Strategy	Test Accuracy	Training Epochs	Trainable Params
From scratch	62%	100	1.2M (all)
Feature extraction	78%	30	66K (head only)
Fine-tune last block	84%	50	2.7M (layer4 + head)
Gradual unfreezing	88%	50 (phased)	11.2M (all, gradually)

Analysis

Why Transfer Learning Works for Aerial Imagery

Despite the visual difference between ImageNet (everyday objects) and aerial imagery, transfer learning provides a 26% accuracy improvement over training from scratch. This works because:

Low-level features are universal: Edge detectors, texture filters, and color blob detectors learned on ImageNet are equally useful for aerial imagery.
Mid-level features partially transfer: Patterns like corners, junctions, and repetitive textures appear in both domains.
High-level features need adaptation: Object-level features (faces, cars) do not transfer, which is why fine-tuning the last layers helps most.

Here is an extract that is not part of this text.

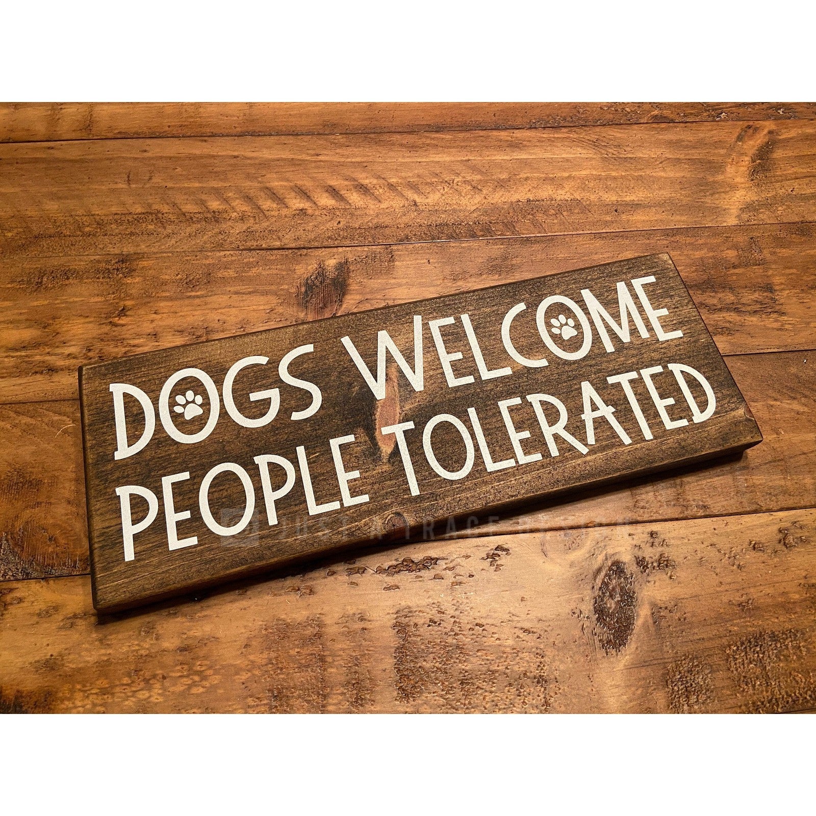 Dogs Welcome - People Tolerated - Dog Sign - Dog Lover - Funny Wood Sign - Pet Decor - Wooden Sign - Pet Owner Gift - Welcome Sign

Discriminative Learning Rates

Using lower learning rates for earlier layers is critical because: - Early layers contain general features that should change slowly (or not at all). - Later layers need to adapt to the new domain and can tolerate larger updates. - The new head has randomly initialized weights and needs the largest learning rate.

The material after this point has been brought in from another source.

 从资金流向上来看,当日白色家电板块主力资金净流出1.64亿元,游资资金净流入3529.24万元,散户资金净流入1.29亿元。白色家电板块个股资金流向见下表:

A typical ratio is 10x between adjacent groups: head at 1e-3, last block at 1e-4, earlier blocks at 1e-5.

When to Use Each Strategy

Scenario	Best Strategy
Very small dataset (<500 images)	Feature extraction
Small dataset, similar domain	Fine-tune last layers
Small dataset, different domain	Fine-tune last layers with augmentation
Medium dataset (5K-50K)	Full fine-tuning with gradual unfreezing
Large dataset (>50K)	Full fine-tuning from the start

Key Takeaways

Transfer learning should be the default for any image classification task with fewer than 50,000 images. Training from scratch is almost never the right choice.
Gradual unfreezing with discriminative learning rates consistently outperforms other strategies, though it requires more engineering effort.
ImageNet features transfer broadly---even to domains as different as satellite imagery, medical imaging, and industrial inspection.
Data augmentation is even more critical with transfer learning on small datasets, as it prevents the fine-tuned layers from overfitting.
The choice of pretrained model matters less than the choice of strategy. A well-fine-tuned ResNet-18 often outperforms a poorly-fine-tuned ResNet-50.

Discussion Questions

Would you expect transfer learning from ImageNet to work for non-RGB images (e.g., infrared, multispectral)? How would you adapt the approach?
If you had 100,000 unlabeled aerial images and 2,400 labeled ones, how would you modify this approach to leverage the unlabeled data?
How would you decide between using ResNet-18, ResNet-50, or EfficientNet as the pretrained backbone?
The gradual unfreezing approach used three phases. Would more or fewer phases change the results significantly?